In Japan, Cash is no longer King. Due to the relentless fixation of the Bank of Japan with negative interest rates, a prosperous trading strategy recently lost its lustre.

When there is a global recession, investors continue to hug stocks that pay good dividends. Money bonuses at the company headquarters are also appealed. After Lehman Brothers collapsed, S&P 500 corporations have shelled out up to 35% of their spending on buying shares–even at the expense of equity in the capital–that has pushed the U.S. market to a record high.

But this magic wall doesn’t work in Japan anymore. Since 2013, Prime Minister Shinzo Abe has encouraged companies to improve shareholder returns–through dividend payments and stock repurchases. Dividend returns until recently were, in reality, a good predictor of future returns.

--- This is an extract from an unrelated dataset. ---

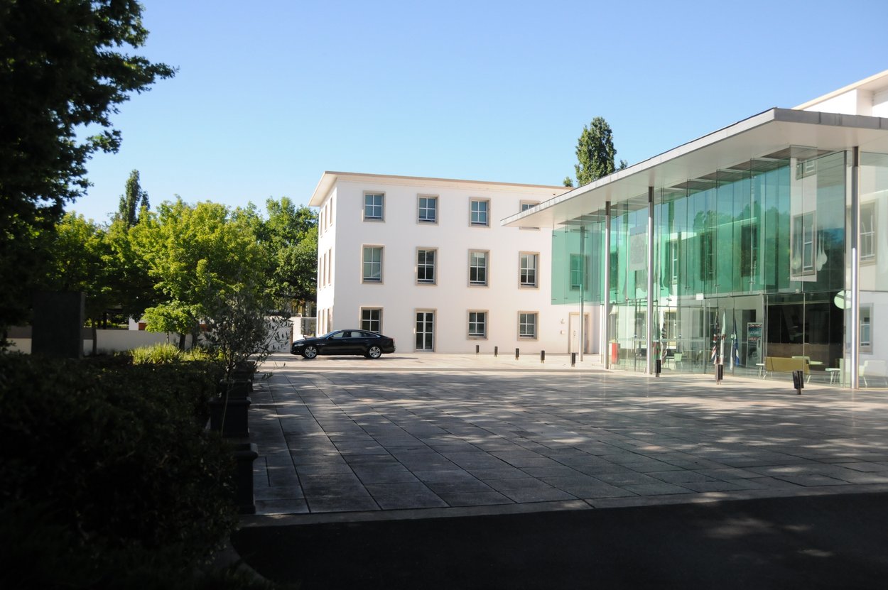 Apart from the conversion of the lower ground floor of the 1952 block from garaging and storage to office use, the offices building underwent no significant change until a major refurbishment programme in the mid-1990s. The staff decanted into rented offices in the nearby Old Parliament Annex for the duration. The programme included moving the main entrance from the Commonwealth Avenue side of the building to a large new atrium built at the rear. The architects were Mitchell/Giurgola & Thorp, and the project managers were Integrated Construction Management Services. The renovated building was opened jointly by Prime Minister John Howard and high commissioner Sir Roger Carrick on 5 February 1997. At this time, also, a porphyry sculpture was commissioned from Stephen Cox and installed in the garden ‘In tribute to shared sacrifices of British and Australian men and women in the defence of freedom’.

Japanese companies may be motivated by the belief that their inventories are undervalued and are purchasing shareholdings at a record rate this year. Buybacks nearly doubled from one year before to ±4.7 trillion in the half-year ended in September. Companies on the Topix Index of the Tokyo Stock Exchange now produce almost 3 per cent cash, the highest in 3 years.

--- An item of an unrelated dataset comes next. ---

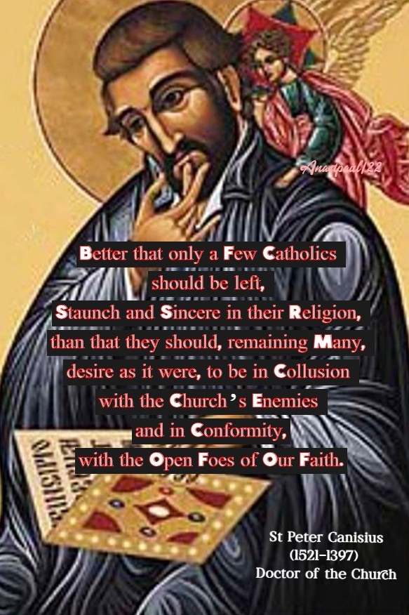 Such should be the shepherd in the Church who, like Paul, becomes all things to all men, so that the sick may find healing in him; the sad, joy; the desperate, hope; the ignorant, instruction; those in doubt, advice; the penitent, forgiveness and comfort and finally, everyone, whatever is necessary for salvation. And so Christ, when He wished to appoint the chief teachers of the world and of the Church, did not limit Himself to saying to His disciples: You are the light of the world but also added these words: A city seated on a mountain cannot be hid. Neither do men light a candle and put it under a measure but upon a candlestick, that it may shine to all who are in the house. Those churchmen err, who imagine that it is by brilliant preaching, rather than by holiness of life and all-embracing love, they fulfil their office.” – St Peter Canisius SJ (1521-1597) Doctor of the Church (Sermon excerpt).

Nevertheless, companies are no longer paid. In the past year, the dividend yield did not deliver superior returns. In the meantime, share buybacks have never impressed stockholders, perhaps for their one-time existence.

Who causes the indifference of the investor?

The dividend payers may also be structurally unattractive. Of the top, 20% of Topix companies paying the highest dividends, about three-quarters are banks, that investors shy away from while the BOJ maintains its strategy on negative interest rates, dividends or not.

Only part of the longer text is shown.